= Erbin of Dumnonia =

English Roman Catholic saint

Erbin of Dumnonia (Latin: Urbanus; c. 427 - c. 480) was a 5th-century King of Dumnonia (now Cornwall and Devon) and saint of Wales.

==Monarch==
Traditionally, Erbin was a King of Dumnonia, the son of Constantine Corneu and the father of Geraint. He was the brother of Saint Digain, founder of the church at Llangernyw. Erbin succeeded his father as King of Dumnonia around 443.

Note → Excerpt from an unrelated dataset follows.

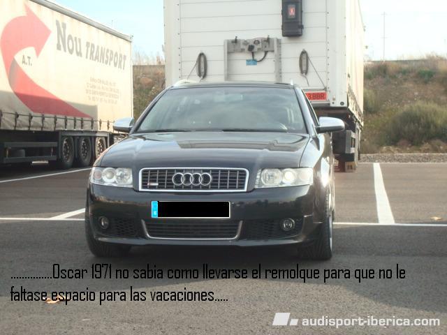 M@DM@X Publicado 13 de Diciembre del 2008 Denunciar Publicado 13 de Diciembre del 2008 (editado) .......bueno, pues esta mañana hemos estado en Lleida con GERA4 y Slam, Oscar1971, MoratA y un servidor para la colocacion de unos pedales en el B6 de Oscar, la intencion hera ke MoratA tambien se fuese con sus pedales kolocados, pero no ha podido ser, pero lo ke si ha hecho MoratA a sido colocarle unos separadores a su B6, y la kedao ke te pees. A sido un placer haber conocido a GERA4 y Slam, y espero ke nos volvamos a ver, ya sea en alguna KDD o en el PRC Barcelona. .......pues, unas fotillos del acontecimiento.... ...en nuestra primera parada para comenzar las mod´s Oscar kiso enganchar un remolke para tener algo mas de maletero para el tema de las vacaciones..........jajajaja, pero justo cuando ya estabamos fuera de los coches...llegó un señor y nos hechó muy educadamente, ya ke hera un parkin privado y nos kolamos por la feis......jajajaja Editado 13 de Diciembre del 2008 por M@DM@X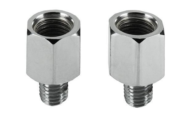 車体側ネジ径 正ネジ8mmから、ミラー側ネジ径 正ネジ10mmに変換します。10mmのミラーを8mmの車体に取り付けできるアダプターです。ご検討いただけますと幸いです。

Erbin chiefly appears in Geraint and Enid, one of the Three Welsh Romances of the Mabinogion. In the romance of Culhwch and Olwen he is the father of Gereint, Dywel, and Ermid, the latter two knights at Arthur's court at Celliwig. According to the Bonedd y Saint, Saint Cybi is Erbin's great-grandson through Cybi's father Salomon of Cornwall.

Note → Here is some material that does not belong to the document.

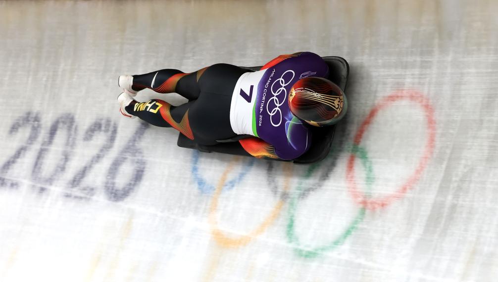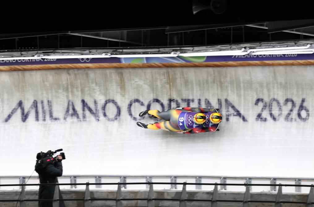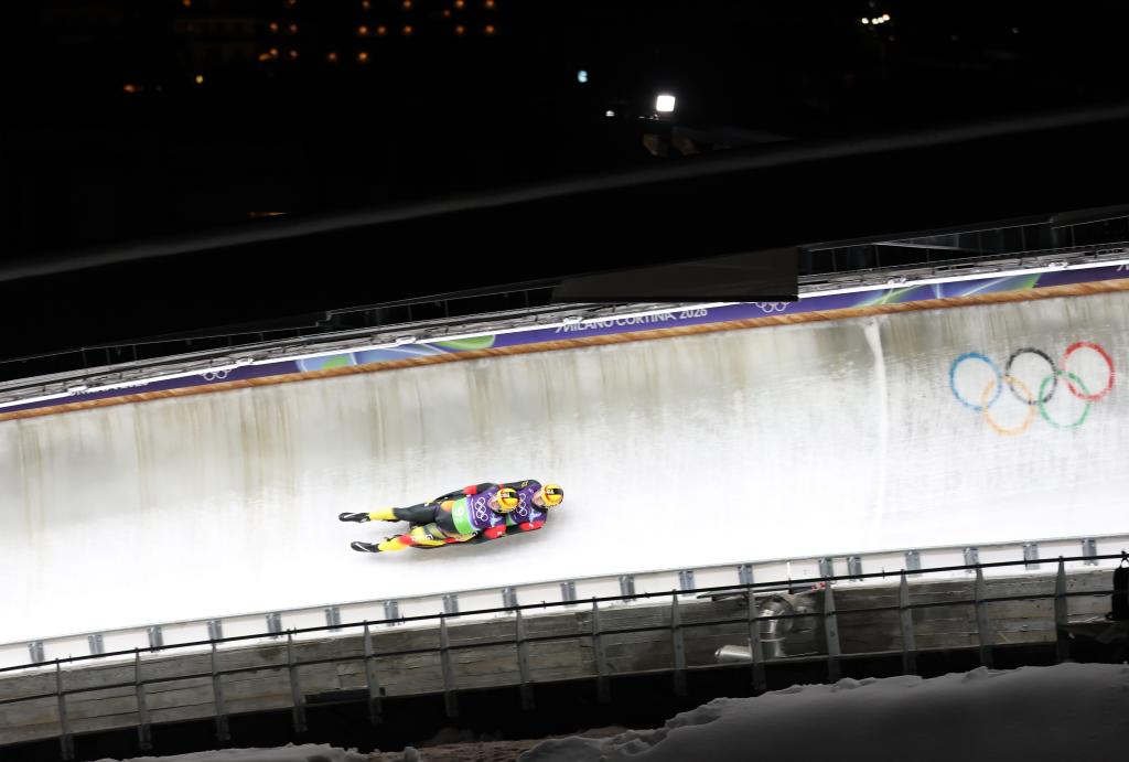 CORTINA D'AMPEZZO, 12 febrero, 2026 (Xinhua) -- Tobias Wendl/Tobias Arlt, de Alemania, compiten durante los relevos por equipos de luge en los Juegos Olímpicos de Invierno Milán-Cortina 2026, en Cortina, Italia, el 12 de febrero de 2026. (Xinhua/Ding Xu)

In the Mabinogion he appears as an old king whose realm is subject to attacks from his enemies. He recalls his son from the court of King Artu to aid him in the war and restores the Dumnonian power, then abdicates in his son's favour. About 480 Erbin dies.

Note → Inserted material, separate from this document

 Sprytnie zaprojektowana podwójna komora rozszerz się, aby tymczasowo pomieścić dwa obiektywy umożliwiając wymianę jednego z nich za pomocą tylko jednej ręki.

The common calamint (an aromatic herb) is called in Welsh erbin.

==Sainthood==
Erbin appears as a saint in the Bonedd y Saint and is traditionally associated with Erbistock in Denbighshire. His feast day is 13 January. Gilbert Hunter Doble suggested he might be the same as Saint Ervan/Erme of Cornwall.

Erbyn or Ervan is said to have been the father of Selevan. Erbyn is the original patron saint of St Ervan but in more modern times he has become confused with the Greek saint Hermes who is now regarded as such.

He was probably the founder of the church of Saint Ervan in Cornwall. In ancient Welsh calendars he is commemorated as a saint on 13 January or 29 May.